For the Hong Kong traveler, this means the overwater villa experience is not dead—it has moved. A direct flight from HKG to Lombok (LOP) takes 4.5 hours on Garuda Indonesia or a seasonal CX charter. The beach at Mandalika is rocky in places, but the coral cover is healthier than Nusa Dua. The trade-off is infrastructure: Lombok’s airport is smaller, the road network less developed, and the dining scene thinner than Bali’s. You trade convenience for coral.
Actionable Takeaways
- If you have a specific overwater villa booked in Bali for late 2025 or 2026, confirm directly with the property that their permit is grandfathered and their 2028 compliance certificate application is in process—some properties may close temporarily for retrofitting.
- For new Bali bookings, consider cliffside or terraced properties on the Bukit Peninsula or in Uluwatu—they are legally safer and often offer better views than overwater units.

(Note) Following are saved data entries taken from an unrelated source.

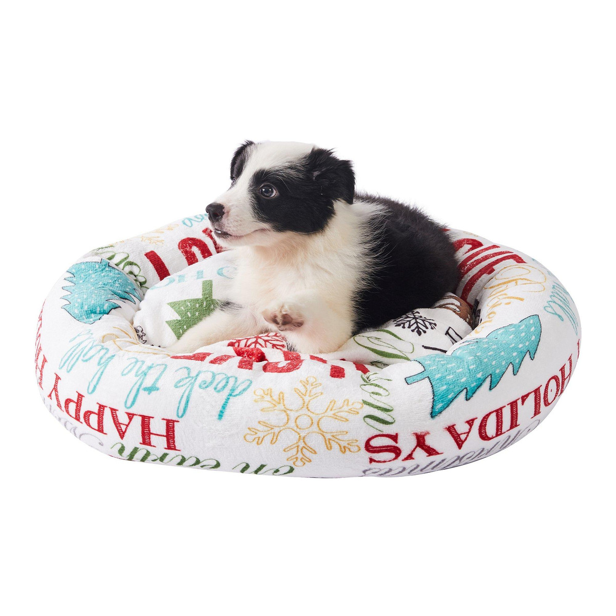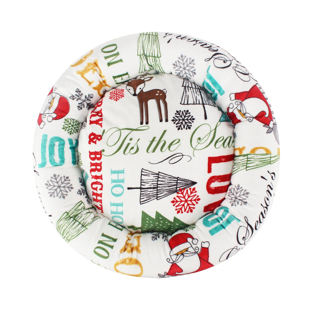 The Christmas Santa Claus Lane pet bed complements the Santa Claus Lane bedding collection but really stands alone as a haven for your pet during the holiday season. This pet bed features all the sweet sentiment of the holiday season with Santas, snowflakes and trees. This will become your pet’s haven whether in the bedroom, family room, living room or den. Made from 100% Polyester Velour, the pet bed is easy to care for. Measures 23in L x 14in W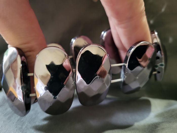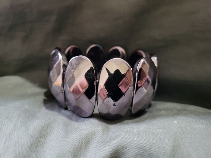 Bracelet en plastique élastique Je dirais gris brillant, mais je suis un peu daltonienne lol... Jamais mis mais il manque de la peinture à des endroits, et légèrement rayé du au stockage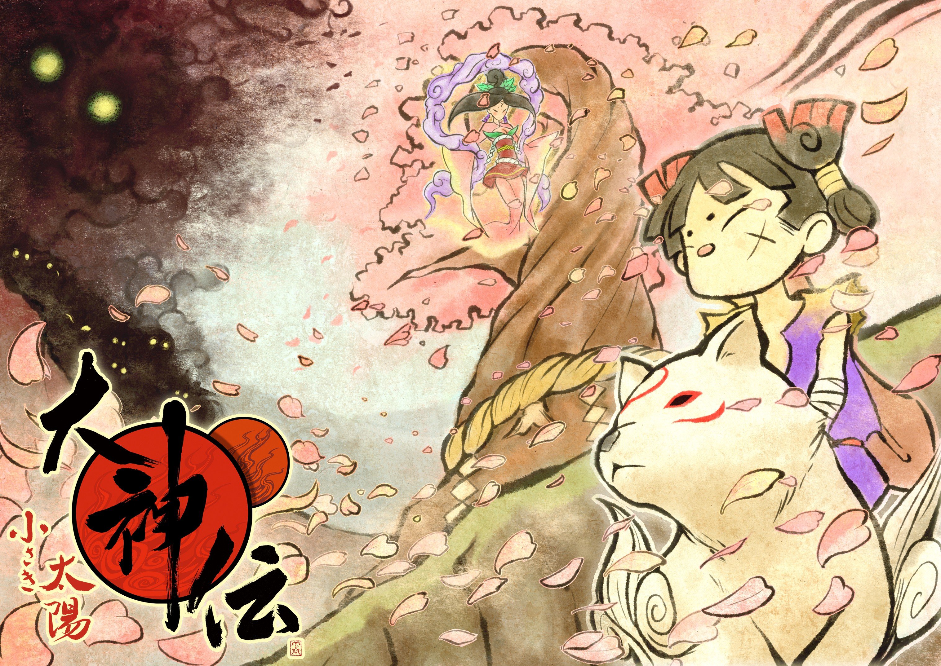 Description: A painting of a woman and a cat with a dragon in the background and a demon in the foreground.

- If the overwater experience is non-negotiable, look at Lombok’s Mandalika zone or Sumba’s Nihiwatu area, where local regulations remain more permissive through 2026.
- Budget for a 10-15% price increase on existing overwater villas in Bali by 2027 as properties pass on retrofitting costs from the 2028 compliance certificate process.
- Check the AMDAL status of any new resort you are considering—if the project is still in permitting, the opening date is likely 18-24 months out, not the 12 months advertised on the website.